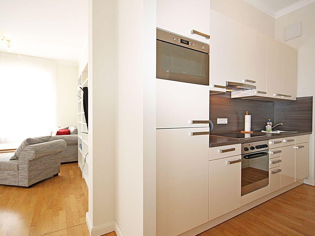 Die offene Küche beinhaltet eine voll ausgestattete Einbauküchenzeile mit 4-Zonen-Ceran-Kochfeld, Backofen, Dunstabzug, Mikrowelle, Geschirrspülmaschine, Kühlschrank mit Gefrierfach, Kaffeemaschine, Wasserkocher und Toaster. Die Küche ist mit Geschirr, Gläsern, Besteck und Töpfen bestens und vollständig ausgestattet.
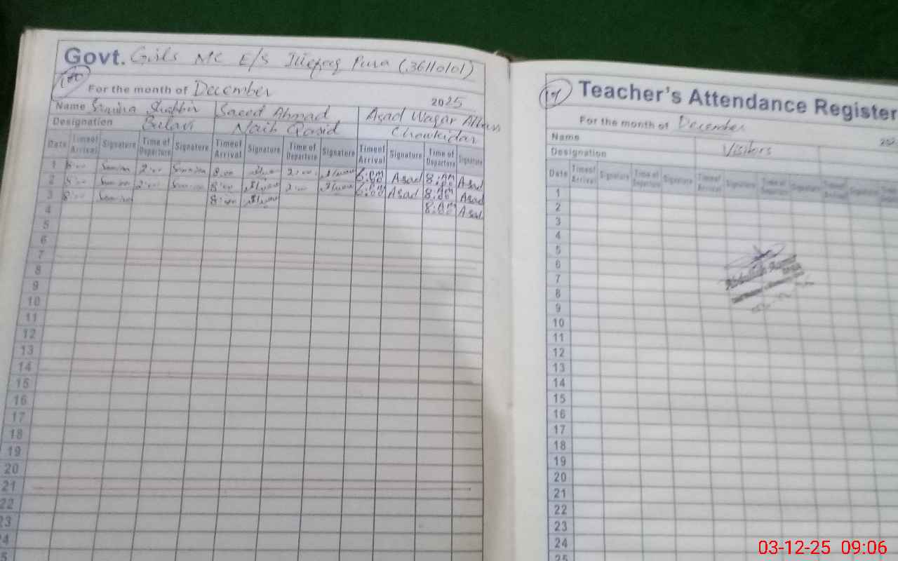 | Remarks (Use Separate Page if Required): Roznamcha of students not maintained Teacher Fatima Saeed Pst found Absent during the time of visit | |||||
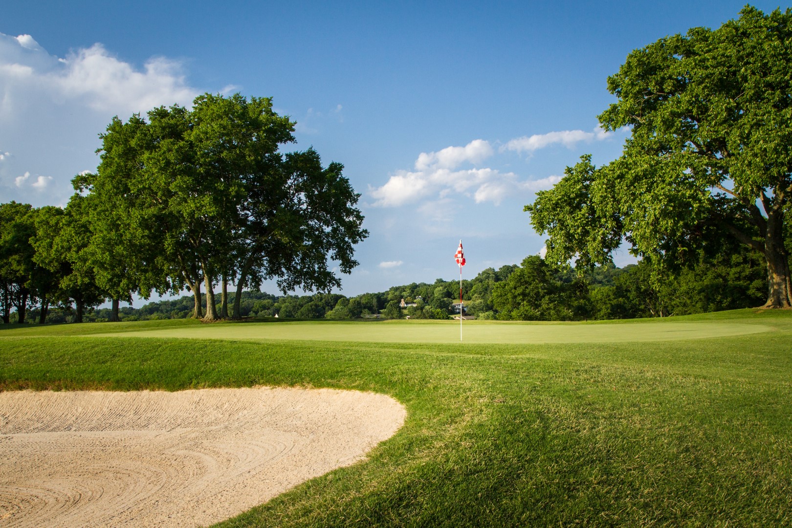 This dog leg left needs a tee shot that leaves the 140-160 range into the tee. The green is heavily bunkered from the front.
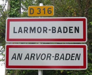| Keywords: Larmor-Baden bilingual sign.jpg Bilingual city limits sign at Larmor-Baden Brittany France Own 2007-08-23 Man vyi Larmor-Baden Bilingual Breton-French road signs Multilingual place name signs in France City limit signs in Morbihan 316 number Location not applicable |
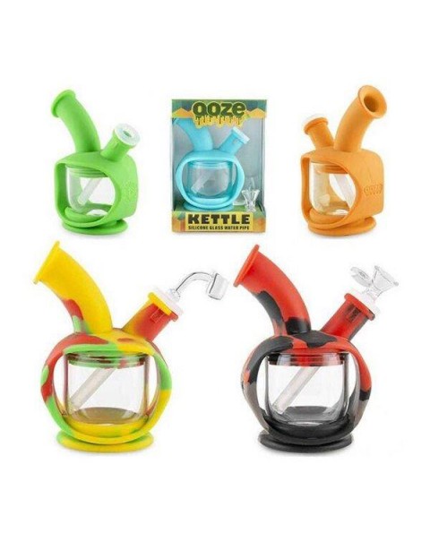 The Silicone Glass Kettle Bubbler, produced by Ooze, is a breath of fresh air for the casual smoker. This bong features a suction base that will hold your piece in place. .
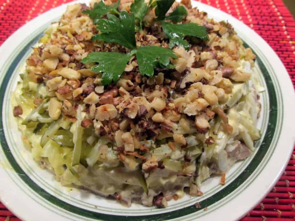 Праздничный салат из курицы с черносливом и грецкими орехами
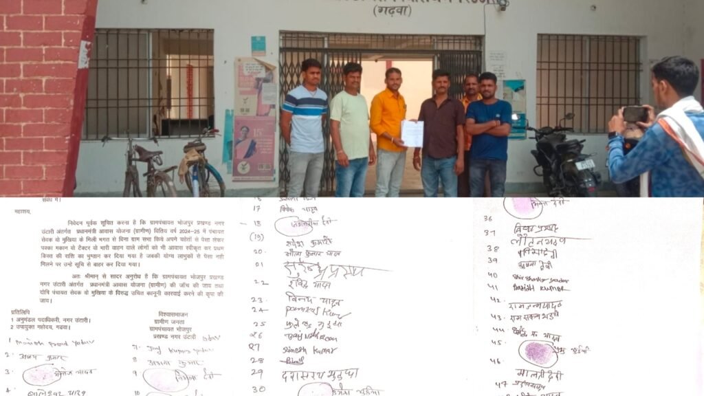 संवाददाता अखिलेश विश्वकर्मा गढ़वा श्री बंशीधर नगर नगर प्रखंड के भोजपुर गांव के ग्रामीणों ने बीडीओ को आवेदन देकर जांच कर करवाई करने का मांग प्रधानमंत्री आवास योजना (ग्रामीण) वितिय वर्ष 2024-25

What needs to be done - Please transcribe all of the entries word for word, with the pictures left out.

Reply to the task -
 Die offene Küche beinhaltet eine voll ausgestattete Einbauküchenzeile mit 4-Zonen-Ceran-Kochfeld, Backofen, Dunstabzug, Mikrowelle, Geschirrspülmaschine, Kühlschrank mit Gefrierfach, Kaffeemaschine, Wasserkocher und Toaster. Die Küche ist mit Geschirr, Gläsern, Besteck und Töpfen bestens und vollständig ausgestattet.
 | Remarks (Use Separate Page if Required): Roznamcha of students not maintained Teacher Fatima Saeed Pst found Absent during the time of visit | |||||
 This dog leg left needs a tee shot that leaves the 140-160 range into the tee. The green is heavily bunkered from the front.
| Keywords: Larmor-Baden bilingual sign.jpg Bilingual city limits sign at Larmor-Baden Brittany France Own 2007-08-23 Man vyi Larmor-Baden Bilingual Breton-French road signs Multilingual place name signs in France City limit signs in Morbihan 316 number Location not applicable |
 The Silicone Glass Kettle Bubbler, produced by Ooze, is a breath of fresh air for the casual smoker. This bong features a suction base that will hold your piece in place. .
 Праздничный салат из курицы с черносливом и грецкими орехами
 संवाददाता अखिलेश विश्वकर्मा गढ़वा श्री बंशीधर नगर नगर प्रखंड के भोजपुर गांव के ग्रामीणों ने बीडीओ को आवेदन देकर जांच कर करवाई करने का मांग प्रधानमंत्री आवास योजना (ग्रामीण) वितिय वर्ष 2024-25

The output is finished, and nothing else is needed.